Uber Technologies Inc., like rival Lyft Inc., does not have a road to profitability unless it does one of two things: Get rid of drivers or raise prices.
Expect the ride-hailing giants to try to do both, now that Uber UBER, +0.00% and Lyft LYFT, +4.29% are public companies that will have to face Wall Street pressure every three months. But considering how long it may be before autonomous robotaxis are prevalent on our streets, price increases are much more likely, and may be largely hidden by the companies.
Uber, which priced its shares Thursday night and begins trading Friday morning, is the most anticipated Silicon Valley IPO since Facebook. And while many investors have been impressed by the sheer scale of its business compared to the size of rival Lyft’s — which is mostly in the U.S. and not yet as diversified — Uber’s losses are just as stunning.
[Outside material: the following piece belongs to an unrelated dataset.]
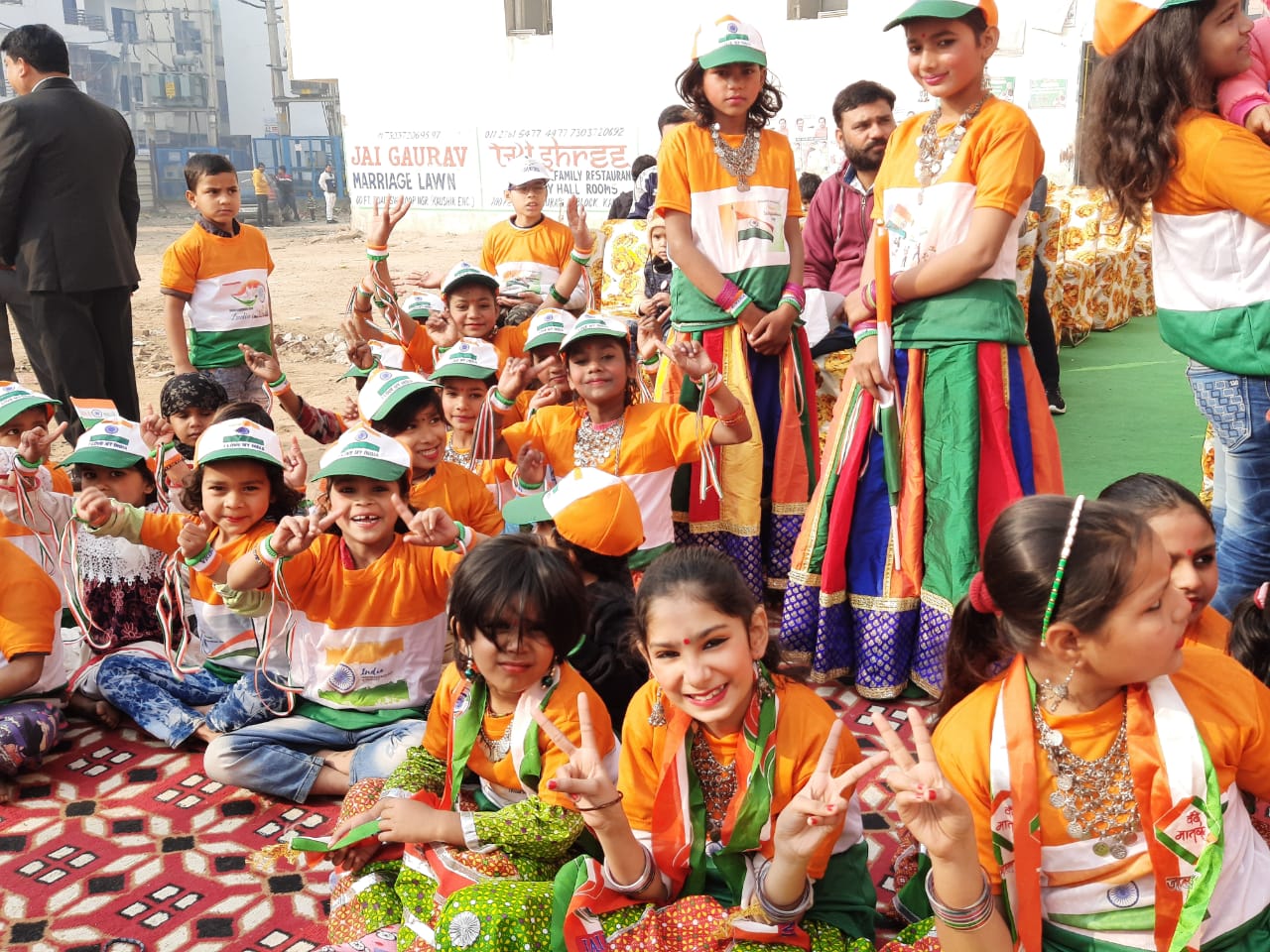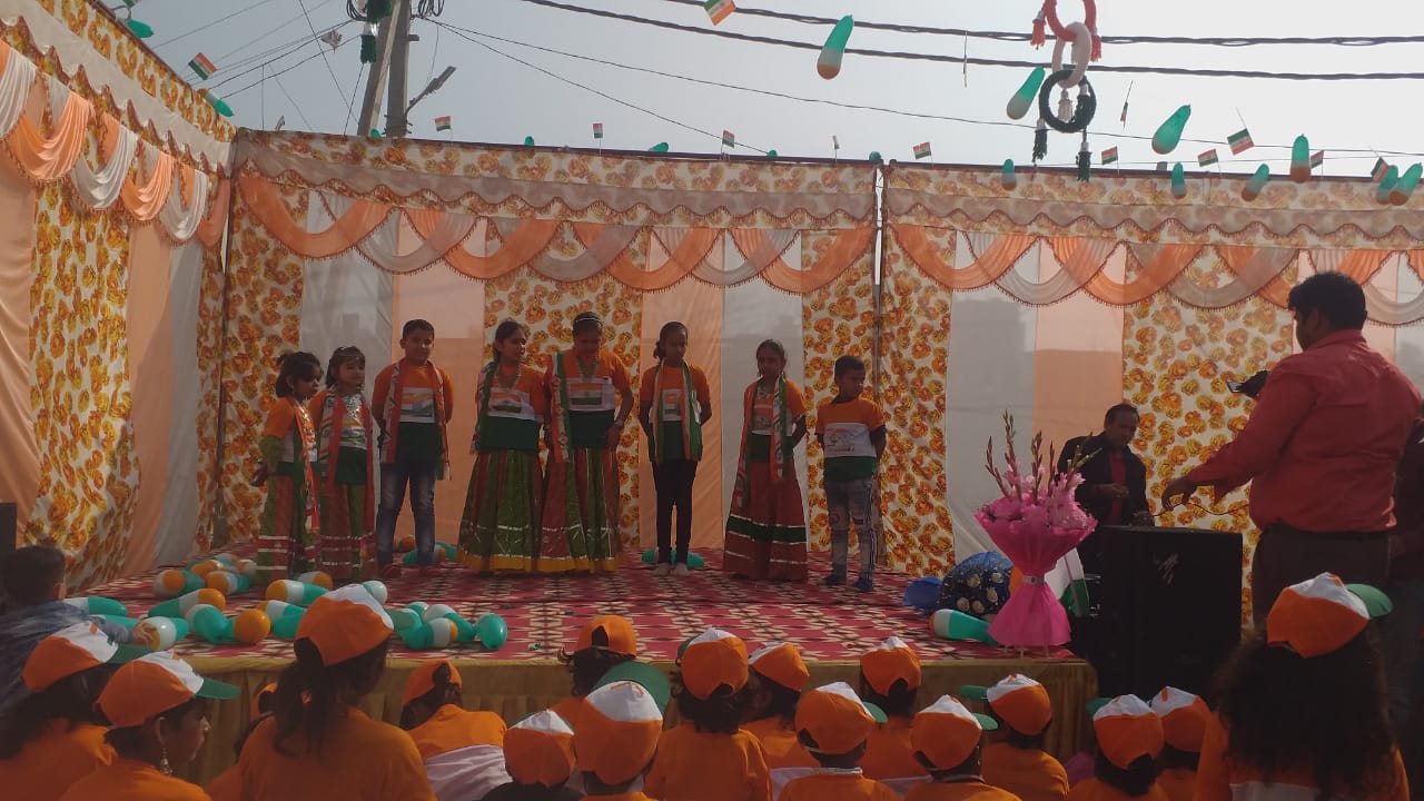 Tri colour T-shirts and National Flag in small hands of Shraddha children participated in 71 Republic day. MLA Shri Sanjeev Jha was the chief guest. Students performed Patriotic Song and Dance. Blessing were given by Shri Sanjeev Jha and chairman of Shraddha Seva Sanstha.
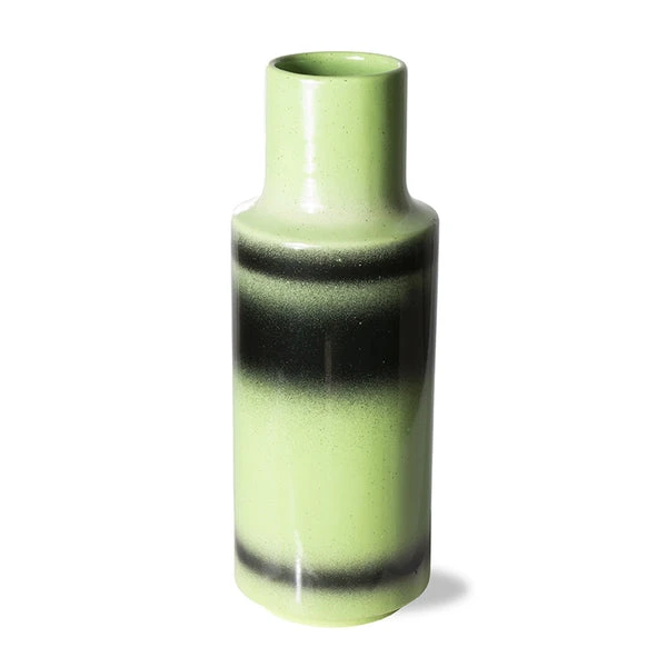 This vase is a mix of bright green and black has a bold aesthetic. Its column like form combined with its attention-grabbing colour combination makes it a statement piece to add to your home, we love mixing it with other pieces in a variety of green shades. There is also a version of this vase with a handle which is slightly shorter and these look great styled together too. Material – Stoneware Size – 11.5L x 11.5W x 30.5H cm Care – Wipe Clean. Due To The Nature Of This Vase Differences May Appear But These Unique Details Are To Be Celebrated.

In 2018, Uber reported an operating loss of $3 billion on revenue of $11.3 billion, and its accumulated deficit reached nearly $8 billion at the end of last year. Uber said in its “roadshow” presentation that it expects Ebitda losses in 2019 to increase, as it continues to invest.
Both Uber and Lyft have been subsidized over the past decade and seven years, respectively, by venture capitalists and other private investors who have been willing to bet on the ride-hailing upstarts, and whose funding allowed the experiments to grow with low fares. But as public companies, that stage of their life ends now.